Hyperdub can’t claim sole responsibility for every major development in early 21st century dance music, but you wouldn’t be entirely wrong if they came to mind first. A generation after “Metal” Mike Saunders and Patti Smith made the rock-critic-to-punk musician jump, Glasgow-based musical theorist and UK dance fanatic Steve Goodman pulled off the post-rave equivalent, building off the cachet of his webzine to start a label of the same name. He’d helm the first two releases under the name Kode9 in 2004, singles featuring vocals credited initially to Daddi Gee and later retconned to reflect Gee’s more well-known alias The Spaceape. And the standard was set with the first entry in the Hyperdub catalog, that being the duo’s panic-pulsing, brink-of-annihilation uber-dub deconstruction of Prince’s “Sign o’ the Times” — which sounded like Linton Kwesi Johnson intoning apocalyptic poetry over a King Tubby transmission from the void — backed by a track called “Stalker” where the sprightly rhythms of 2-step were pushed into exclamatory, corroded-sounding blunt-force impacts and chemically washed in an intangible dread. It was a good way to pose the question: how harsh and spare and uncompromisingly dark can you make a record in the burgeoning post-2-step sound, and still give it the kind of essential pulse that keeps dancefloor dynamics exciting? If those early Kode9 + the Spaceape singles weren’t enough of an answer, Burial would provide the Q.E.D., striking with a devastatingly affecting yet rhythmically propulsive style that made him the first favorite dubstep artist of millions of listeners — many of whom couldn’t tell a Skream from a Benga.

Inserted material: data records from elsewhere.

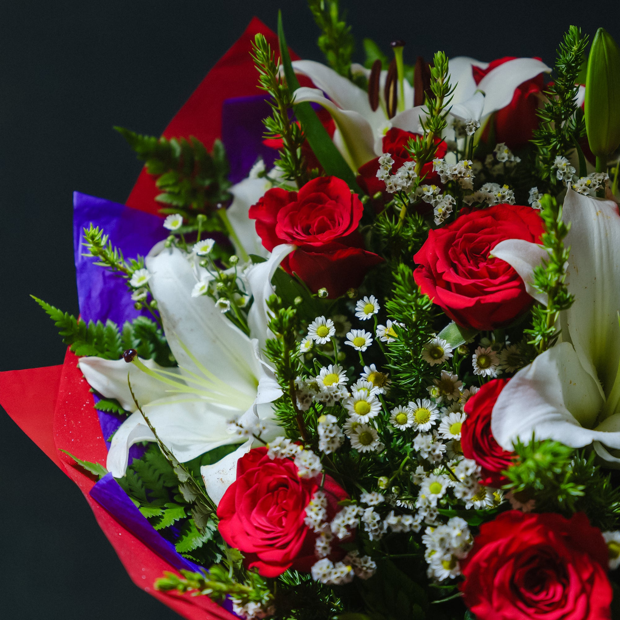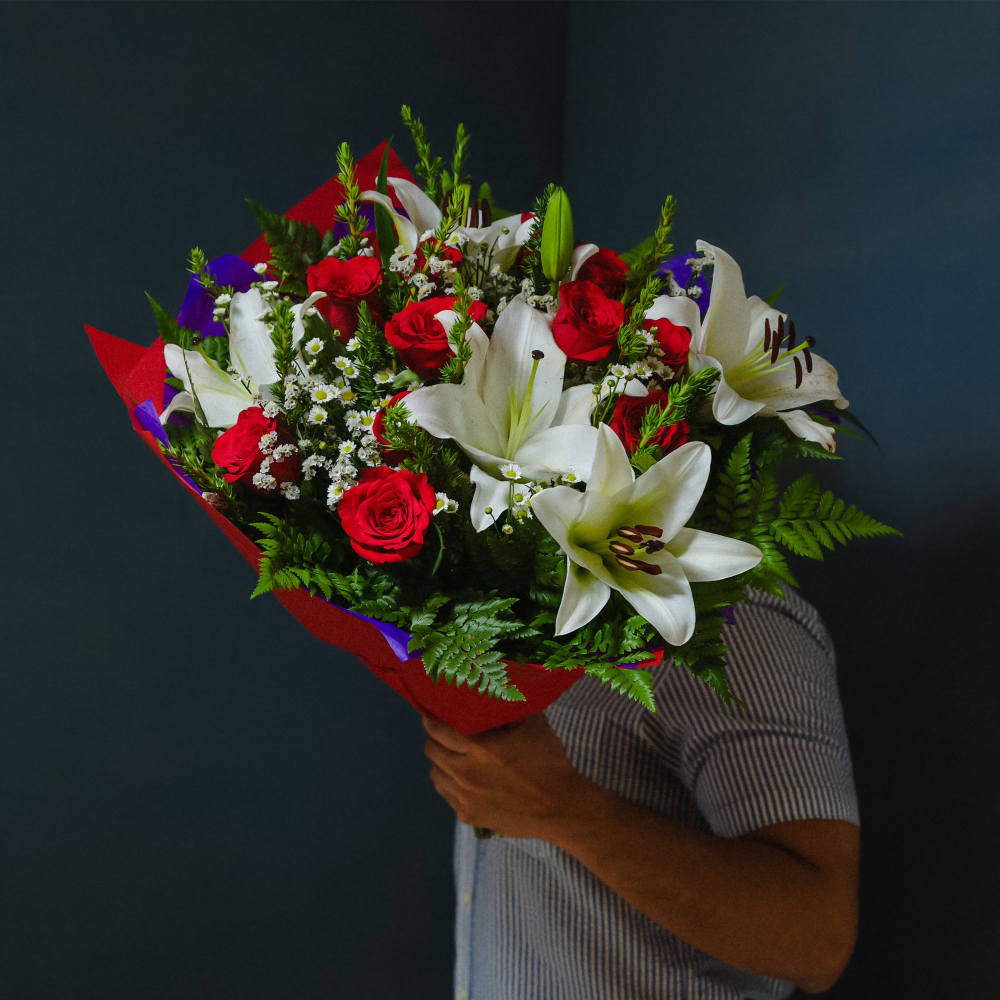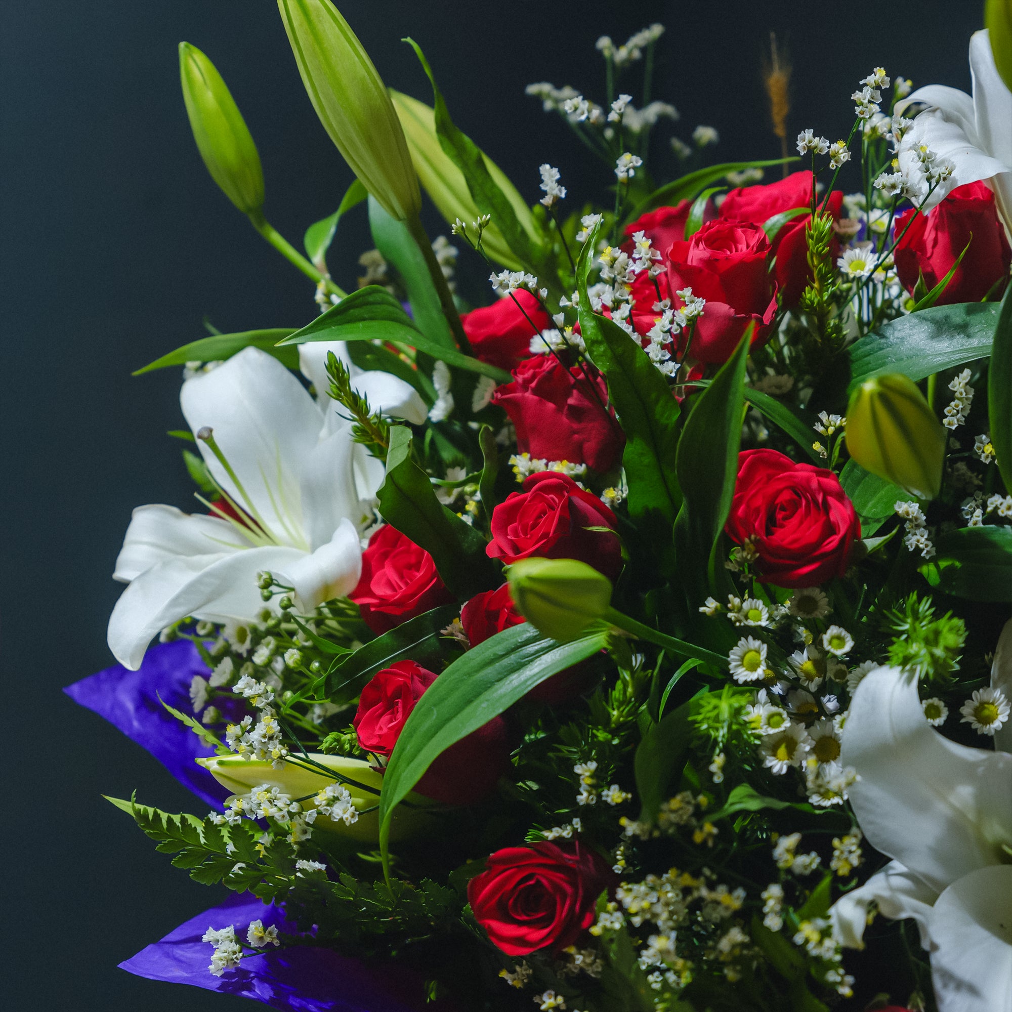 The Bunch Includes;  LiliesRosesPompom ChrysanthemumsStatis Special Notes: * Lilies will arrive in bud form for convenient transport...
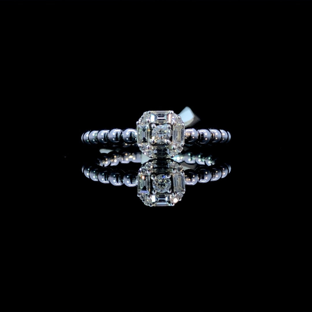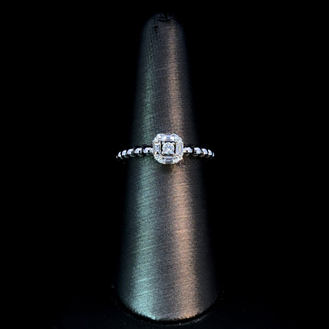 Exquisitely elegant, this 14kt white gold ring is the perfect choice for a sophisticated everyday accessory. Boasting a chic beaded band, it features a mesmerizing cluster of round and baguette diamonds totaling .30ctw that radiates timeless allure and refined sparkle. This ring is a size 7. If that size is not a perfect fit, first time sizing is free at the time of purchase. Additional sizing fees may apply.
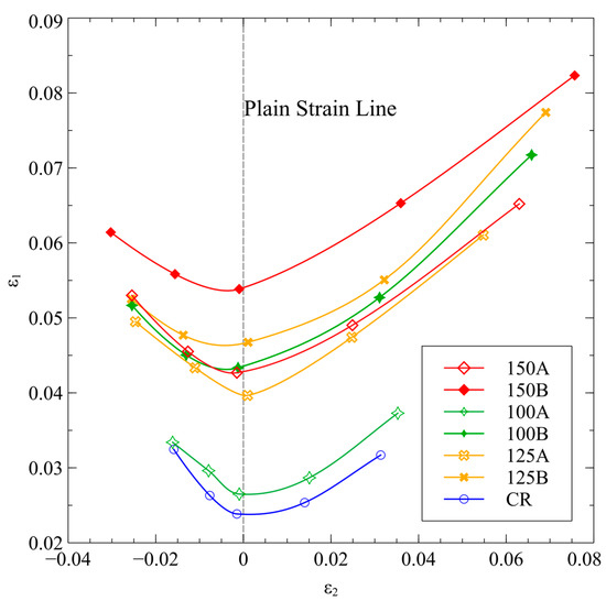 For illustration, strain-hardening exponent n, (from ) at plastic deformation is shown in Table 3. The strain-hardening is calculated according to ISO 10275 and is consistent with Yuan et al.’s [8,9] results. High strain-hardening results in less strain localization and uniform thickness distribution.
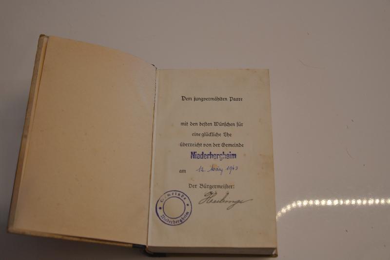 Très beau livre MK de mariage d'une ville Alsacienne du Haut Rhin département 68 NIEDERHERGHEIM daté de 1943 signé par le maire.
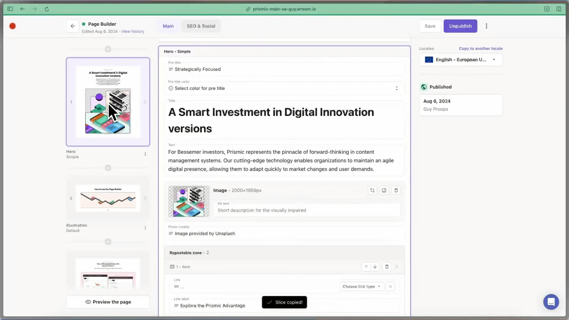 To address this, we are actively considering enhancements that will enable you to easily duplicate and reuse slices across your pages. Inspired by tools like Pitch, this potential update will allow you to effortlessly manage and replicate slices, saving you time and effort.
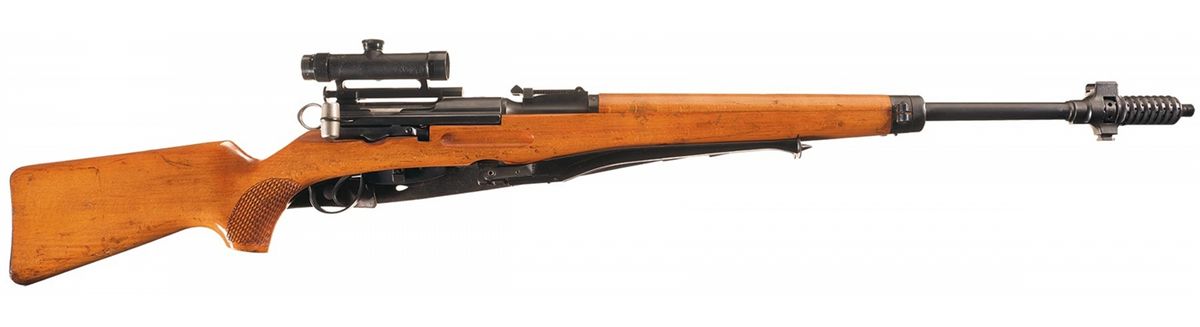 Introduced in the mid-1950s, the ZFK31/55 is a derivative of the K31 rifle configured for precision shooting with many of the parts changed towards that end. Approximately 4,150 were made with some being recently being imported into the United States. This model has a heavily reinforced blade front sight with integral flash hider/bayonet lug, with a tangent rear sight marked 1-15. These rifles feature a straight pull type action with the chamber area marked with the standard Swiss Cross inside a Shield. This model has the integral scope mounting points with the 3.5 sniper scope attached. The top of the scope body is marked "Kern Aarau/V=3.5x75" over 4245. These rifles were all fitted with a beech stock and handguard with a checkered pistol grip area with a sheet metal buttplate. The stock has a front folding sheet metal bipod and side mounted leather sling. This rifle includes a green painted metal belt carrier numbered to match the scope and one box magazine that is marked "Zf.Kar". The underside of the barrel is dot-matrix marked "ZFK31/55 SWISS 7.5MMX.55 OOW INC. CHARDON OH."
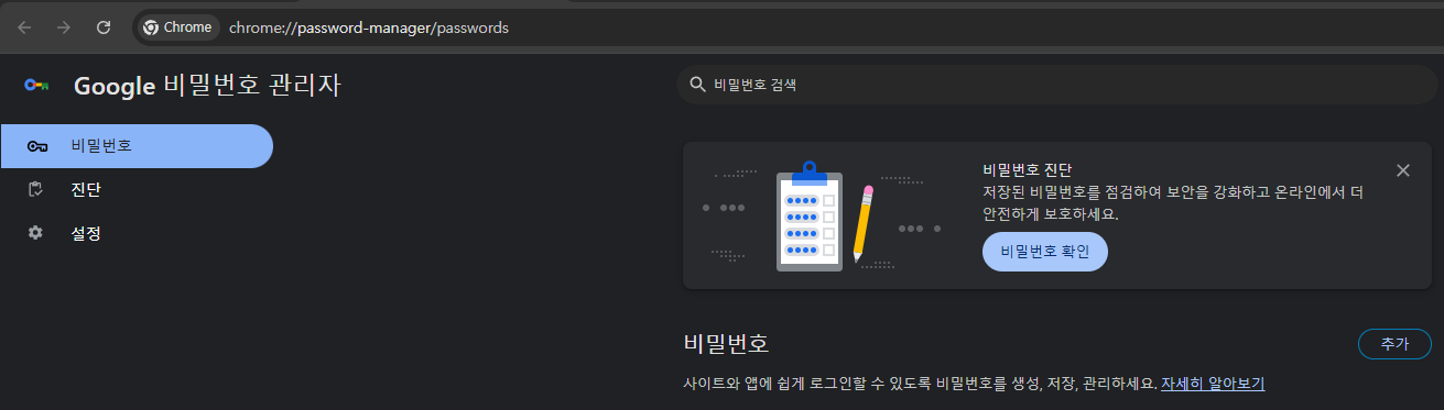 - 확인: 모든 조치를 완료한 후, Chrome 설정의 개인 정보 보호 및 보안 → 안전 확인 페이지에서 **지금 확인(Check now)**을 클릭하여 유출된 비밀번호 문제가 완전히 해결되었는지 확인합니다.

While the label’s first few years felt autonomous to the point of near-insularity, that would change quickly. Sure, the core that carried the label for its first few years was so tight and so reliant on a handful of emerging artists — the aforementioned Burial and Kode9 + the Spaceape; grime-conversant crew L.V.; glitch-bass noisemakers Darkstar; the wonky mutations of Ikonika; Tokyo-based chiptune dubstepper Quarta330 — that the label’s fifth anniversary compilation 5 wound up bringing in label-unaffiliated peers like Flying Lotus, Martyn, and Joker to flesh it out. But that was a good omen, as it provided the kind of co-signs that broadcast the crucial idea that this wasn’t just a brand riding out dubstep’s grimy first wave. This was a label that not only had a future, but had a knack for introducing the future before most people knew it was arriving.
The shifts would come fast, but also wound up sticking — it’s not so much that Hyperdub went through flag-planting “phases” where certain genre trends held sway for a bit, but that they cultivated these ideas in ways that allowed them to grow and shift and hybridize while maintaining their essential character. If you hear a UK funky single on Hyperdub — a peak-era original like Funkystepz, or a next-gen adapter like Fiyahdred — then you can trust that the scene’s burn-bright-burn-fast moment of glowing hedonism was captured at its truest, when it was novel but not yet a novelty. If a Chicago footwork crew like Teklife gets brought on to the label and positioned at the peak of their genre, you can trust it’s legitimizing the original culture’s compatibility with the avant-garde, and not just trying to force it into that context. Hyperdub’s place in the pop pantheon is far closer to the underground than the populist, but it’s also a label run by a critic-slash-scholar-turned-artist who subsequently trusts the artists he signs to make the underground feel wide-open. It’s not that complicated, it’s just complex.
That integrity has left Hyperdub at the forefront of its realm no matter how dance trends ebb and flow — it’s an adaptability that’s comfortable with inspired genre hybrids, new as-yet-unnamed sounds, and throwbacks that tweak nostalgia more than they dwell in it. Well into the pandemic-damaged ’20s, when independent labels are at their most vulnerable, survival means being able to offer everything from pop’n’b conversants like Jessy Lanza to the essentially confrontational noise-house irreverence of 700 Bliss to the abstract yet intensely personal ruminations of Loraine James. Maybe you could still perch Hyperdub somewhere near the margins — a lot of the label’s finest work, past and present, could still be tagged as “experimental,” sure. But if some of it sounds a lot less experimental than it used to, that’s because many of these experiments were successful enough to permeate the mainstream.